───── Dataset records

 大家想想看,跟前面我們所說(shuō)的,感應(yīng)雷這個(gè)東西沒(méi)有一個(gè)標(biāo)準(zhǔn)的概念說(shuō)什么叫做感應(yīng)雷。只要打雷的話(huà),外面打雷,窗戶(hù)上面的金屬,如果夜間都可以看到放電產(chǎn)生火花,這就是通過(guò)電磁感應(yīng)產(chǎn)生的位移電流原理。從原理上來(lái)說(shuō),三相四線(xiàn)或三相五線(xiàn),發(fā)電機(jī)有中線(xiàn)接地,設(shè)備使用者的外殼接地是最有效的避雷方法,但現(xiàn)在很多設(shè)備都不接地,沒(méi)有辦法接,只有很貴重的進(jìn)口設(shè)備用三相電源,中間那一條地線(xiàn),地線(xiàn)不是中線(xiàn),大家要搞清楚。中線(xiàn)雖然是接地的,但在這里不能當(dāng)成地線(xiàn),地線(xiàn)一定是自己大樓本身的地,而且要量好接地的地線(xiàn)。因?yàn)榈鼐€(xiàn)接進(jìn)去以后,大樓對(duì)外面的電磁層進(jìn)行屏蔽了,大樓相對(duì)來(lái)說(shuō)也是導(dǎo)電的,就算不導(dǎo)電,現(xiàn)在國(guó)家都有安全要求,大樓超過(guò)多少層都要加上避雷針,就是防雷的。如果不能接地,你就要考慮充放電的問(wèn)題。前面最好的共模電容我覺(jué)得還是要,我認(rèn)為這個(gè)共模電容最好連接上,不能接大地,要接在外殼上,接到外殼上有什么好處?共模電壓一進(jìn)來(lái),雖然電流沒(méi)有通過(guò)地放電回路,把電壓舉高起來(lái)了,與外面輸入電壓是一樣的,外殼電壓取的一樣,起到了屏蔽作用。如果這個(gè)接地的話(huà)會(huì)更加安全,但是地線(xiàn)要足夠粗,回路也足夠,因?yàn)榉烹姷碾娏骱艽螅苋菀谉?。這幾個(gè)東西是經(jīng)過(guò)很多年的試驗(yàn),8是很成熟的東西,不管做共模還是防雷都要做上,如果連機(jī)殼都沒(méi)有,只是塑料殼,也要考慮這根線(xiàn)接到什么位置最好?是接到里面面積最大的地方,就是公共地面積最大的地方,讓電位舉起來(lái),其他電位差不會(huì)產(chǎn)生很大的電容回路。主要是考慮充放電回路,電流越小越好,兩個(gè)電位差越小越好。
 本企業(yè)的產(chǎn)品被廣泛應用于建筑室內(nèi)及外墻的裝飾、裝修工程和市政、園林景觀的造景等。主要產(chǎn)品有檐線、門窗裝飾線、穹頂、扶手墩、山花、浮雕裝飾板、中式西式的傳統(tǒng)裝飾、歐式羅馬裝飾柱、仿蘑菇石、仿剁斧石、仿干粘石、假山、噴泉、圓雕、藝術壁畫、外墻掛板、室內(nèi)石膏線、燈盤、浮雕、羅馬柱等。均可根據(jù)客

──────────
───── Dataset records

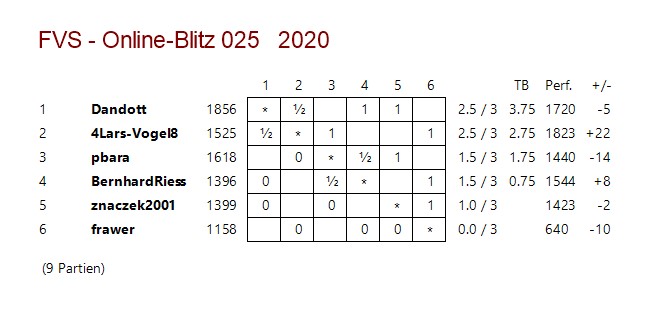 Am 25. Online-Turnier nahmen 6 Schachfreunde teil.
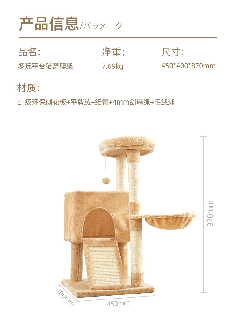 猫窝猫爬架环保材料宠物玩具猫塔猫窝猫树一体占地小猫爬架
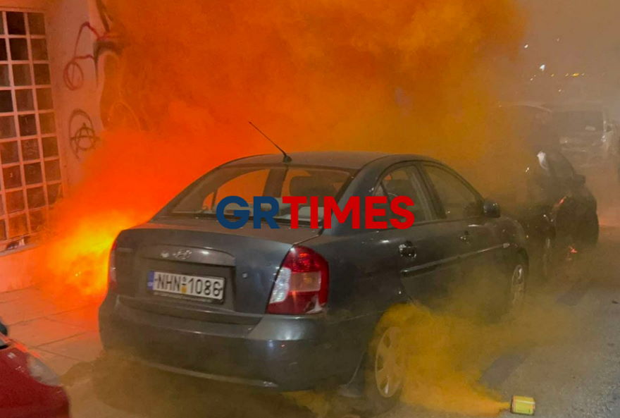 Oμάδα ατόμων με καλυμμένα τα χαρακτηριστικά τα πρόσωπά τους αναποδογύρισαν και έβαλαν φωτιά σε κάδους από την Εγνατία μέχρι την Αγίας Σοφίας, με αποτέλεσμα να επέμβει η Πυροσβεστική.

──────────
───── Dataset records

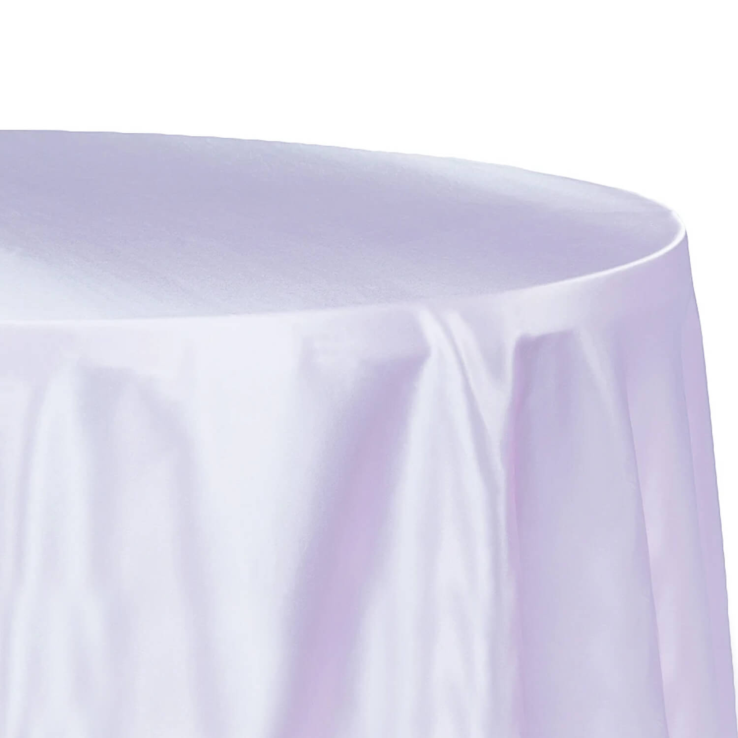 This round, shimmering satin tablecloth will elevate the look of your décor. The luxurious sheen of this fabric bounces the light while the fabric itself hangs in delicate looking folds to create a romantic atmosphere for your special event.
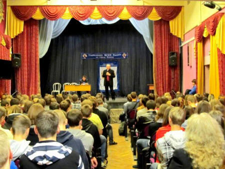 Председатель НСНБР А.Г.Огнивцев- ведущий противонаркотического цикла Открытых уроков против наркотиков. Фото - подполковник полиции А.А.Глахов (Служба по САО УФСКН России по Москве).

──────────

* _Aim of the task_:
Restate word for word the lines in the material above from the one with "大家想想看,跟前面我們所說(shuō)的" to the one with "本企業(yè)的產(chǎn"; both of those lines count, and nothing else does.

* _Task output_:
 大家想想看,跟前面我們所說(shuō)的,感應(yīng)雷這個(gè)東西沒(méi)有一個(gè)標(biāo)準(zhǔn)的概念說(shuō)什么叫做感應(yīng)雷。只要打雷的話(huà),外面打雷,窗戶(hù)上面的金屬,如果夜間都可以看到放電產(chǎn)生火花,這就是通過(guò)電磁感應(yīng)產(chǎn)生的位移電流原理。從原理上來(lái)說(shuō),三相四線(xiàn)或三相五線(xiàn),發(fā)電機(jī)有中線(xiàn)接地,設(shè)備使用者的外殼接地是最有效的避雷方法,但現(xiàn)在很多設(shè)備都不接地,沒(méi)有辦法接,只有很貴重的進(jìn)口設(shè)備用三相電源,中間那一條地線(xiàn),地線(xiàn)不是中線(xiàn),大家要搞清楚。中線(xiàn)雖然是接地的,但在這里不能當(dāng)成地線(xiàn),地線(xiàn)一定是自己大樓本身的地,而且要量好接地的地線(xiàn)。因?yàn)榈鼐€(xiàn)接進(jìn)去以后,大樓對(duì)外面的電磁層進(jìn)行屏蔽了,大樓相對(duì)來(lái)說(shuō)也是導(dǎo)電的,就算不導(dǎo)電,現(xiàn)在國(guó)家都有安全要求,大樓超過(guò)多少層都要加上避雷針,就是防雷的。如果不能接地,你就要考慮充放電的問(wèn)題。前面最好的共模電容我覺(jué)得還是要,我認(rèn)為這個(gè)共模電容最好連接上,不能接大地,要接在外殼上,接到外殼上有什么好處?共模電壓一進(jìn)來(lái),雖然電流沒(méi)有通過(guò)地放電回路,把電壓舉高起來(lái)了,與外面輸入電壓是一樣的,外殼電壓取的一樣,起到了屏蔽作用。如果這個(gè)接地的話(huà)會(huì)更加安全,但是地線(xiàn)要足夠粗,回路也足夠,因?yàn)榉烹姷碾娏骱艽螅苋菀谉?。這幾個(gè)東西是經(jīng)過(guò)很多年的試驗(yàn),8是很成熟的東西,不管做共模還是防雷都要做上,如果連機(jī)殼都沒(méi)有,只是塑料殼,也要考慮這根線(xiàn)接到什么位置最好?是接到里面面積最大的地方,就是公共地面積最大的地方,讓電位舉起來(lái),其他電位差不會(huì)產(chǎn)生很大的電容回路。主要是考慮充放電回路,電流越小越好,兩個(gè)電位差越小越好。
 本企業(yè)的產(chǎn)品被廣泛應用于建筑室內(nèi)及外墻的裝飾、裝修工程和市政、園林景觀的造景等。主要產(chǎn)品有檐線、門窗裝飾線、穹頂、扶手墩、山花、浮雕裝飾板、中式西式的傳統(tǒng)裝飾、歐式羅馬裝飾柱、仿蘑菇石、仿剁斧石、仿干粘石、假山、噴泉、圓雕、藝術壁畫、外墻掛板、室內(nèi)石膏線、燈盤、浮雕、羅馬柱等。均可根據(jù)客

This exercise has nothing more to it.